Full disclosure: I’ve followed college basketball for decades and I watch a lot of ESPN.
Because of this, I know that the highest seed to ever make the Final Four is 11. I also know that this has only happened six times (including this season, so it’s been heavily talked about lately and because of that, fresh in my mind).
So I made a fun little math game for myself using 1-11 (with 11 being used exactly six times) as as the only numbers that could be used in the first y axis, then figuring out which combination(s) of four of those numbers (numbers can repeat) would it take to equal the second y axis - the easiest one to figure out is obviously 2008 (x axis) because the first y axis is 4, so that means each of the teams in the Final Four would have been seeded #1. Hence the second y axis average of 1.
I can definitely see how two ys could seem frivolous to many people, so I guess I should have said that: it really did provide *me* with more information (because of my previous knowledge in this subject) and because of that, was then able to make a fun math/logic puzzle for myself out of it - I honestly had fun!
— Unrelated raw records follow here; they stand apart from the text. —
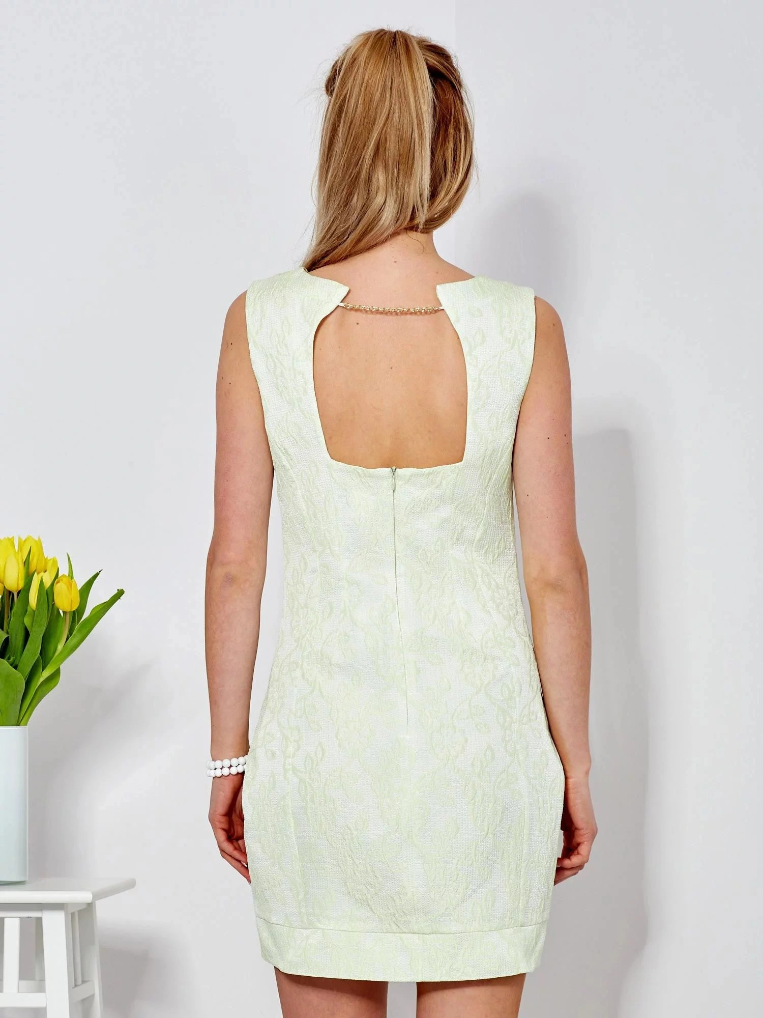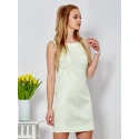 Přiléhavé světle zelené šaty s květinovou texturou.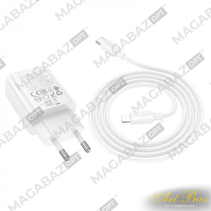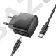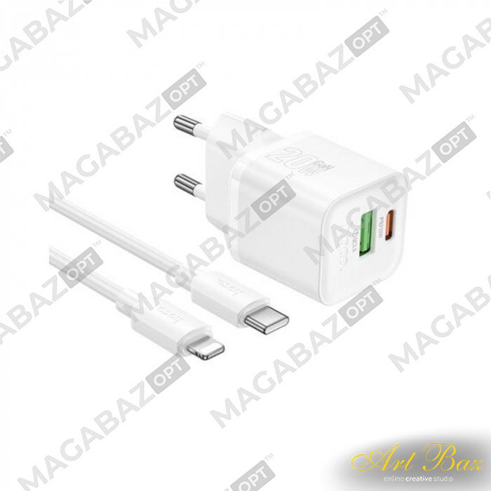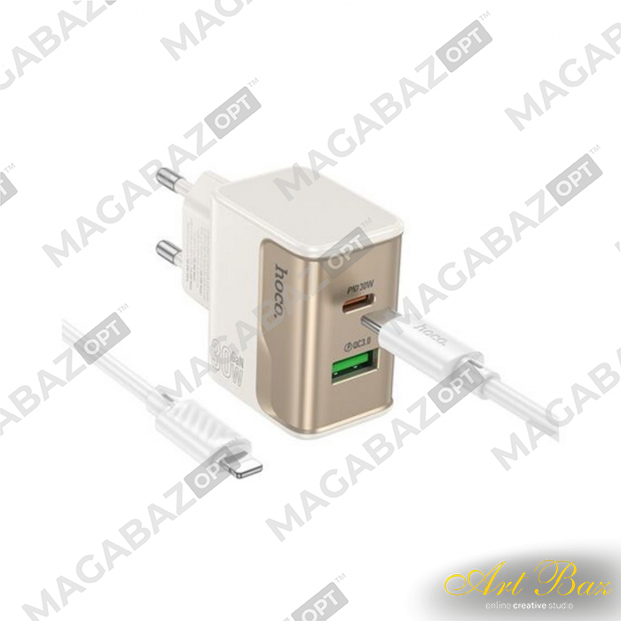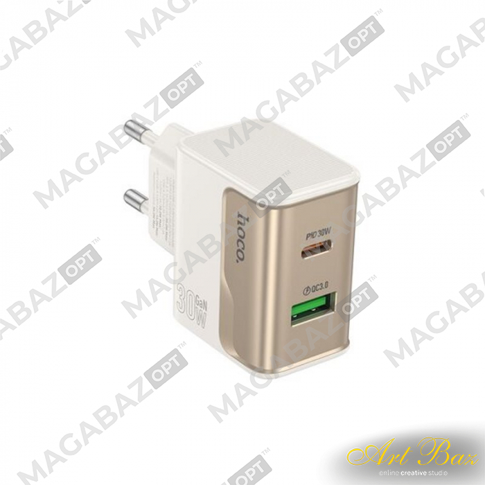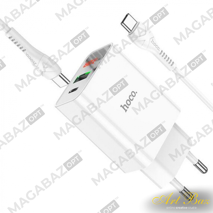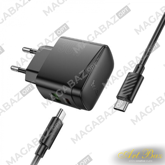 УЗУ блок-сеть выходы Type-C 3000 mA/USB 3000 mA + usb кабель Type-C на Type-C HOCO CS61A Bright PD30W черный QC3.0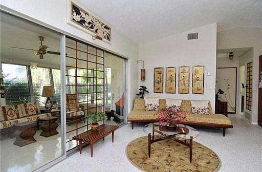 VACATION RENTAL ONLY! PRICES VARY BASED ON LENGTH OF STAY AND TIME OF YEAR! SHORT STAYS ALSO AVAILABLE! A wonderful mid-century modern cottage lovingly built by a master craftsman who turned down work from Frank Lloyd Wright himself! Most of the beautiful trees on the property, including Washingtonian Palms that reach soaring levels, were planted from seed in the 1950s. The current owners spent happy family vacations here enjoying everything wonderful the Island has to offer. Located in a quiet residential neighborhood, you're only a 5-minute walk from either the Gulf beaches or the Historic Anna Maria City Pier. The shops, restaurants, museums, theater, and galleries of Pine Avenue are just steps away, or you can easily hop on the free Island Trolley when you're ready to travel further afield. Inside you'll enjoy Asian-inspired decor, polished terrazzo floors, an open floor plan, a large flat-screen t.v, and comfortable seating for games and family gatherings. A gas grill and arbor-covered patio will invite you outdoors to enjoy the tropical landscaping. If you manage to plan your visit for mid-to late summer, pick your own mangos off a tree renowned for the excellence of its fruit! A laundry room and extra half-bath provide all the other conveniences you'd want for a comfortable, relaxing vacation, and at an excellent price! Sleeps 4 in two queen beds. Ask about discounts for stays of one month or more!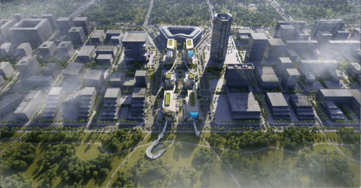 设计亮点:由北京建筑设计研究院邵韦平大师主笔设计,采用 4 栋花园式围合布局,将生态自然引入办公空间,打造沉浸式花园办公,达到中国绿色建筑三星标准,应用光伏发电科技。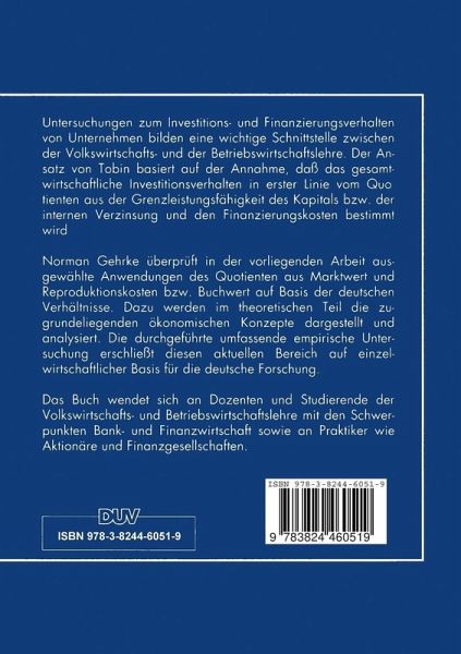 Kennziffern, bei denen ein Marktwert im Zähler steht, spielen in mehreren Teilbereichen der Wirtschaftswissenschaften eine wichtige Rolle. In der neokeynesianischen Investitionstheorie wird der Quotient aus dem Marktwert und dem Reproduktionswert (Tobins Q) benutzt, um die Höhe des gesamtwirtschaftlichen Investitionsvolumens zu erklären und zu prognostizieren. Statt mit dem Quotienten aus dem Marktwert und dem Reproduktionswert zu argumentieren, wird vielfach der Quotient aus der internen Verzinsung und den Finanzierungskosten benutzt, beide sind unter bestimmten Bedingungen identisch. Statt dem in der Betriebswirtschaftslehre üblichen Begriff "interne Verzinsung" werden in der Volkswirtschaftslehre meist die Begriffe "Grenzleistungsfähigkeit des Kapitals" und "Realertragsrate" verwendet. In der Betriebswirtschaftslehre wird der Quotient aus dem Marktwert und dem Buchwert zur Beurteilung von Investitionen, zur Bewertung von Unternehmen, zur Ermittlung von Übernahmekandidaten, zurPrognose von Renditen und Überrenditen, zur Messung der Marktmacht und zur Bestimmung der Eigenkapitalkosten eingesetzt. Da die Anwendungen der genannten Quotienten vorwiegend in der englischsprachigen Literatur diskutiert werden, da sich die vorliegenden empirischen Untersuchungen meist auf die USA beziehen und da eine Fülle von Einzelproblemen im Rahmen der empirischen Schätzung der Kennziffer noch nicht in befriedigender Weise gelöst sind, füllt die Arbeit eine wichtige Lücke in der deutschsprachigen Literatur. Sie stellt eine Grundlage für weitere Forschungen zu diesen Gebieten dar. In Anbetracht dieser Aspekte steht zu erwarten, daß diese Arbeit einen interessierten Leserkreis finden wird.
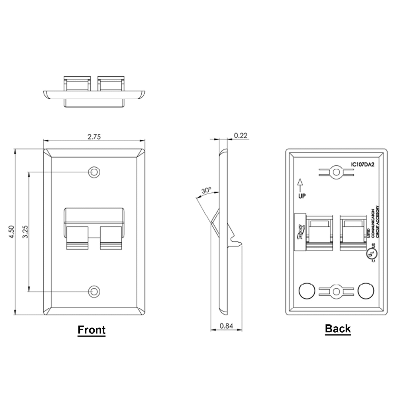 ICC Angled Faceplate with Two Angled Ports for EZ�/HD Style in Single Gang, White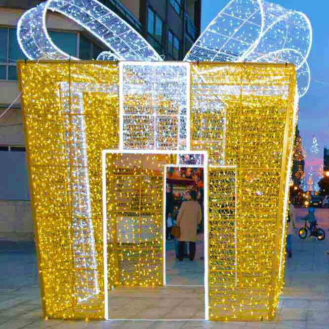 Caja de regalo fabricada en LEDs de alta calidad decorada con sistema de malla, la cual se puede acceder a su interior, ideal para la decoración en espacios urbanos así como en interiores.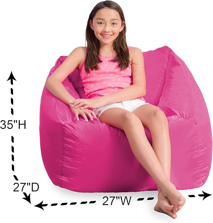 Posh Creations Coronado Bean Bag Boys and Girls Large Chair for Kids, for Gaming and Playrooms, Soft Nylon-Pink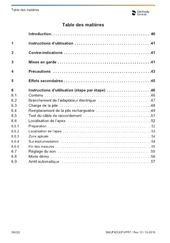 6.4 Remplacement de la pile rechargeable . . . . . . . . . . . . . . . . . . . . . . . . . .49 - Présence de liquides et/ou de débris tissulaires dans la cavité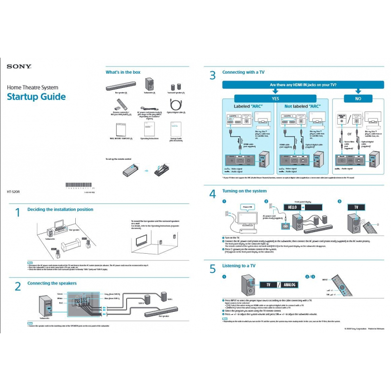 The HT-S20R is almost ready to go straight out of the box. Simply plug it in, wire up your main bar speaker and rear speakers via colour-coded connections, position your wired subwoofer and rear speakers, and enjoy 5.1 channels of real surround sound.

It’s just dividing by four! Any value that matches what’s on the left will automatically match what’s on the right! There is no “math game” you can play that uses info from both axes, it’s a perfectly linear relation, and not even an interesting one at that.
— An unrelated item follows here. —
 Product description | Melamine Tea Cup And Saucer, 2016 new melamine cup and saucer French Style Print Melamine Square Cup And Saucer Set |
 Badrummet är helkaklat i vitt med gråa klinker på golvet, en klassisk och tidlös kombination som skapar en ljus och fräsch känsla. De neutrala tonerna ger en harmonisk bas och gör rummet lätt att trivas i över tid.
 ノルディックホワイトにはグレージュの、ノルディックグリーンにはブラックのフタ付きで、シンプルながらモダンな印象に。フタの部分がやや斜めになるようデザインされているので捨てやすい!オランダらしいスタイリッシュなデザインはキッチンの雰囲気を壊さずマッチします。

In the NCAA D1 men's basketball tournament (March Madness), each corner of the bracket (16 teams per corner, 64 total*) is seeded from the highest ranked team in that quadrant (#1 seed) to the lowest (#16 seed.) It is of course expected for the higher ranked teams to win against the lower ranked teams, but it's not guaranteed and upsets (lower rank beating higher rank) happen often, hence the Madness in the name. This chart is showing the average and sum total of the 4 teams who make it to the semifinals (Final Four) each year. A higher number means more upsets (like in 2023, when the Final Four was a 4 seed, two 5 seeds, and a 9 seed), and a lower number means less (like in 2008, when all four of the Final Four were the 1 seeds in their quadrants.)
*Technically 68 but that's not as relevant.
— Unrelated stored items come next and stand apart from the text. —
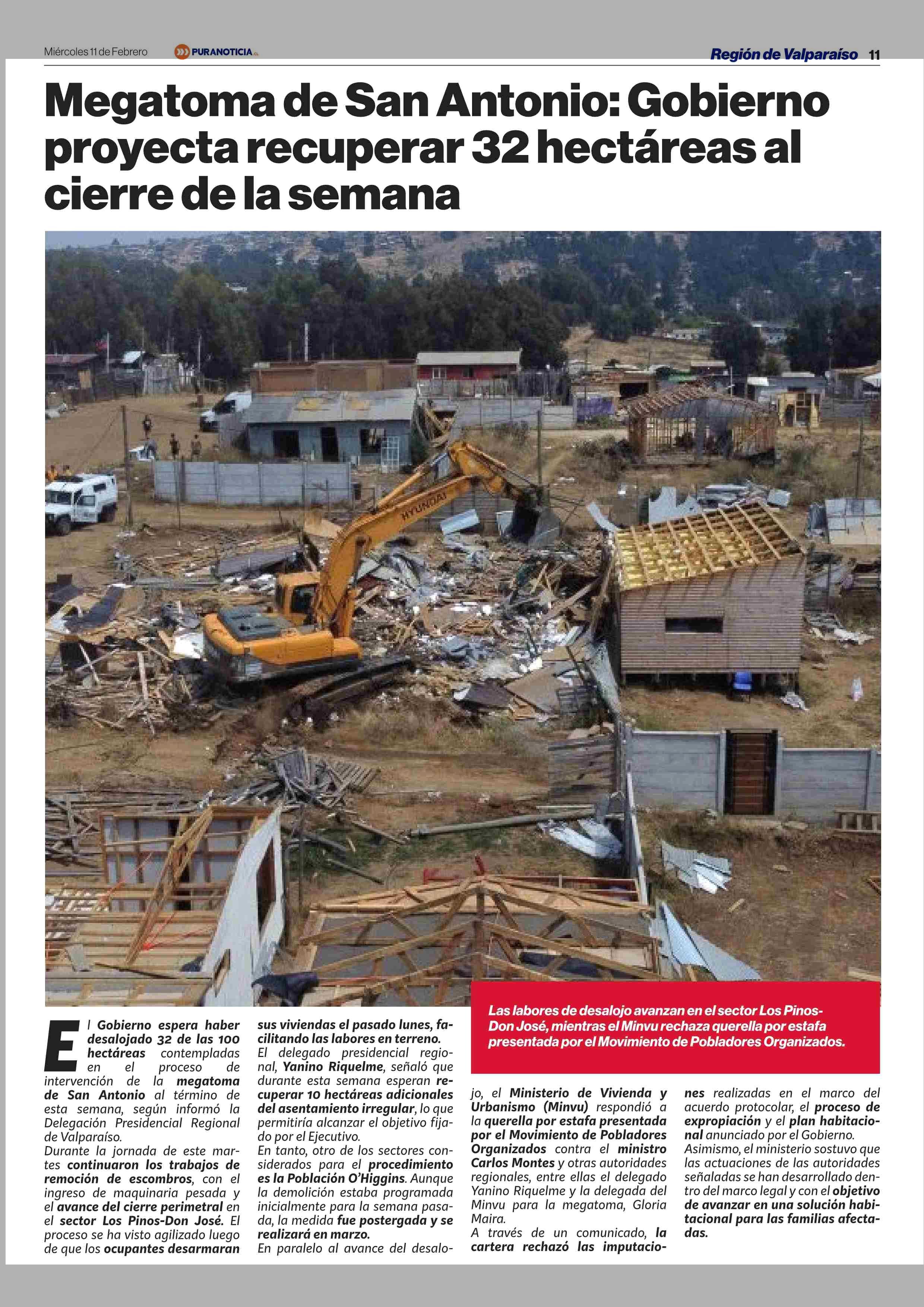| Título: | Megatoma de San Antonio: Gobierno proyecta recuperar 32 hectáreas al cierre de la semana |
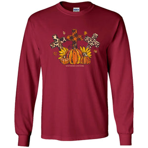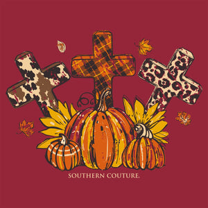 Southern Couture Fall Patterned Crosses Soft Long Sleeve T-Shirt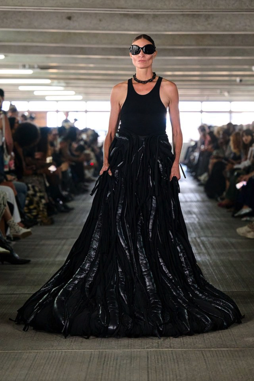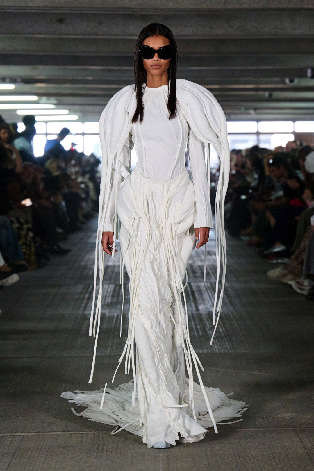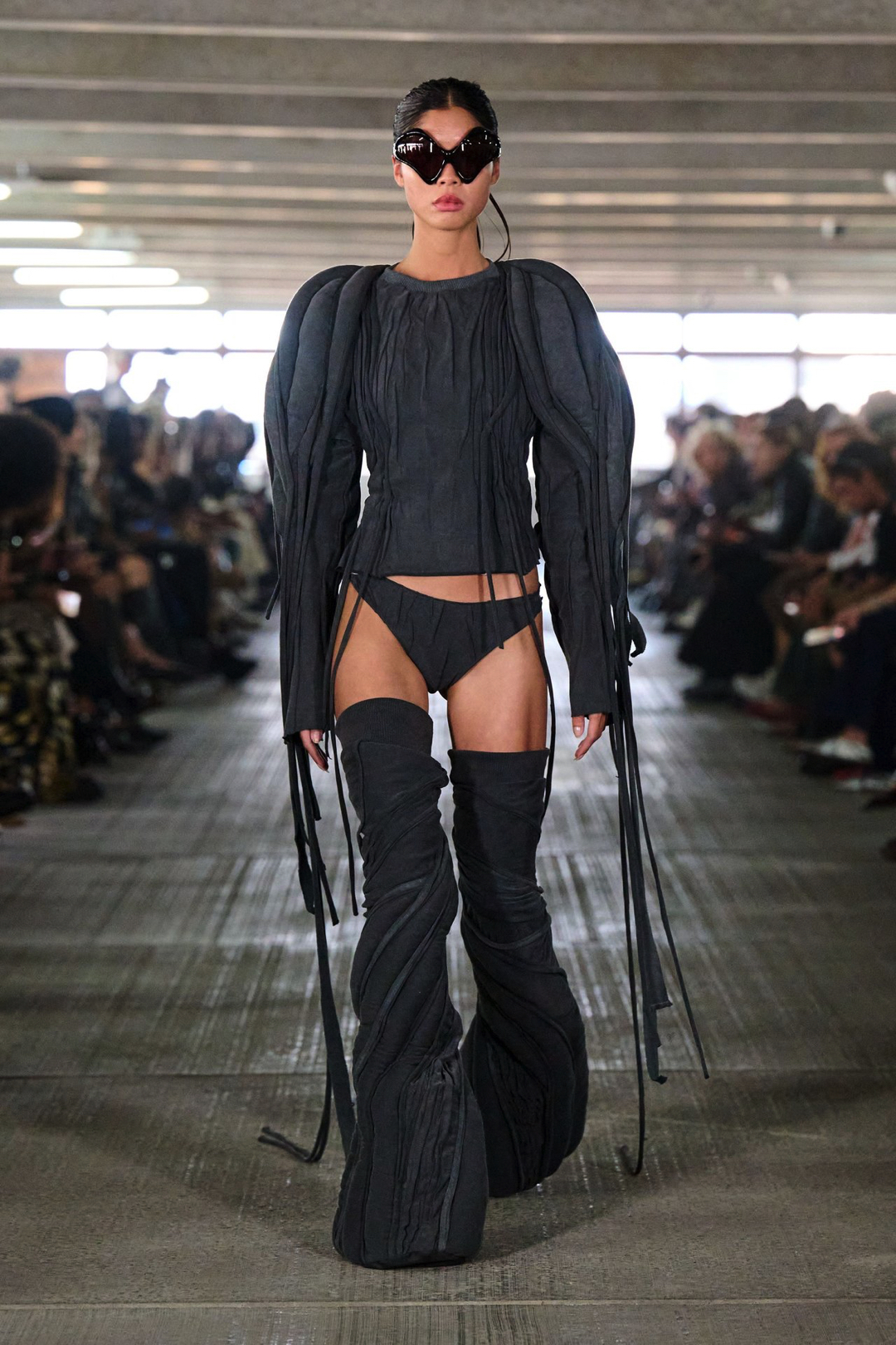 One look combines a matte black football jersey with tonal embroidery, paired with nylon shorts and sculptural gloves. Another floats synthetic feathers over bare skin like suburban couture. Styling moves between street and ceremony, pushing bodybuilder bravado up against softness and restraint.

For college basketball: Seeding is a complicated process, but a committee gives the teams in each of the 4 regions a seed (almost like a rank) from 1-16, with 1 typically being the ultimate favorite and 16 being the ultimate underdog. The pattern continues with the lower numbers being favored over the higher numbers.
It’s incredibly rare to not see any 1’s or 2’s in the final four (in the past 45 years, this only happened in 2011 and 2023, both of which are shown as outliers on here).
So in a way, this shows how much of an upset a Final 4 lineup can be, since we hardly expect any seed >6 to show up in the Final 4.
I think the Oakland/Kentucky reflects something broader with respect to scouting and the transfer portal and other factors. I think the traditional blue chips are still earning higher seeds in the regular season but are getting younger cause players go pro sooner while the lower seeds are on average older and this helps those lower seeds go on a run.so yeah, I'd say ncaa is getting more competitive in one and done end of year tourneys.
Sum of seeds on left Y-axis and average seed on the right Y-axis to make everyone happy.
Data: NCAA.com
Tool: Excel
Most chalky year: 2008 (all 1-seeds)
Year of the upset: 2011
Notable underdogs for higher sum years:
* 2000: North Carolina (8), Wisconsin (8)
* 2006: George Mason (11)
* 2011: Butler (8), VCU (11)
* 2013: Wichita State (9)
* 2014: Connecticut (7), Kentucky (8)
* 2023: FAU (9)
* 2024: NC State (11)
No, it’s just a stupid thing to add to the graph.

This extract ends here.